» **PROVIDED MATERIAL**:
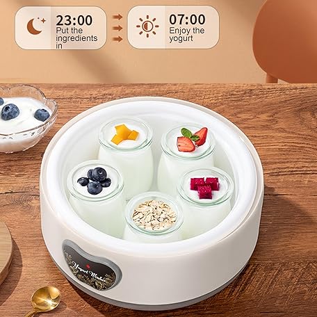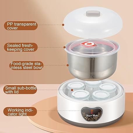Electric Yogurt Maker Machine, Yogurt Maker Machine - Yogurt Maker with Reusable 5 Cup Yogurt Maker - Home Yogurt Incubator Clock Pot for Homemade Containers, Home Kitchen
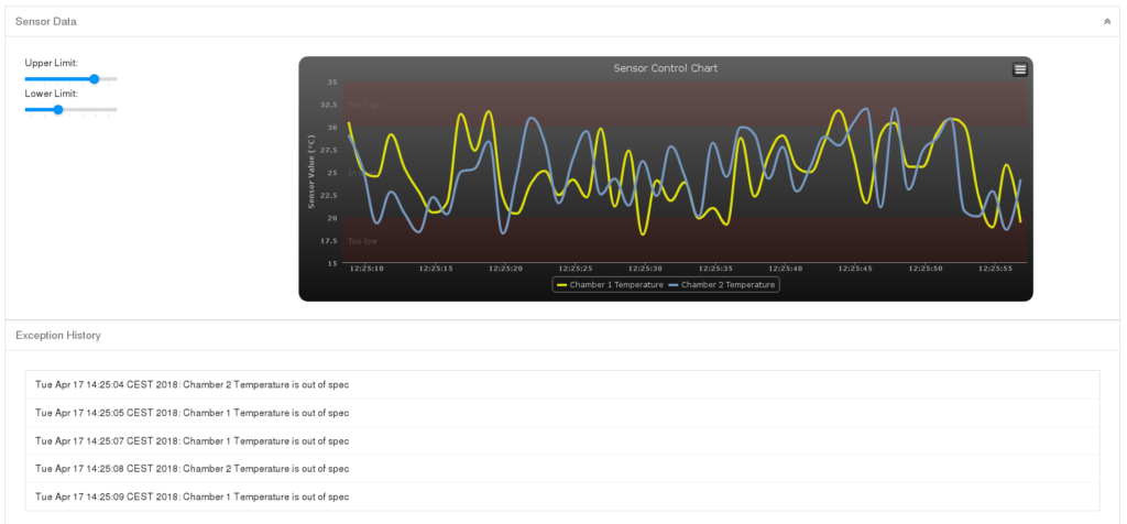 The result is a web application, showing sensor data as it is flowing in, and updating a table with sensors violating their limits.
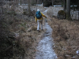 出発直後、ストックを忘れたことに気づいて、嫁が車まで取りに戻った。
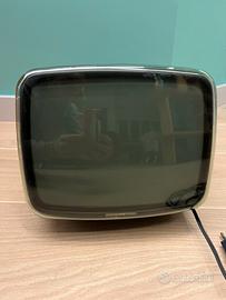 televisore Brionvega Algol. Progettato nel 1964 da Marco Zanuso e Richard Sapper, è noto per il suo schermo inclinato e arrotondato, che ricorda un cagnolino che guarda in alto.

» **TASK STATEMENT**: Copy the line showing "出発直後、ストックを忘れたことに気づいて、嫁が車まで取りに戻った。" exactly, along with each line after it through the end of the material above. Pictures stay out.

» **OUTPUT**:
 出発直後、ストックを忘れたことに気づいて、嫁が車まで取りに戻った。
 televisore Brionvega Algol. Progettato nel 1964 da Marco Zanuso e Richard Sapper, è noto per il suo schermo inclinato e arrotondato, che ricorda un cagnolino che guarda in alto.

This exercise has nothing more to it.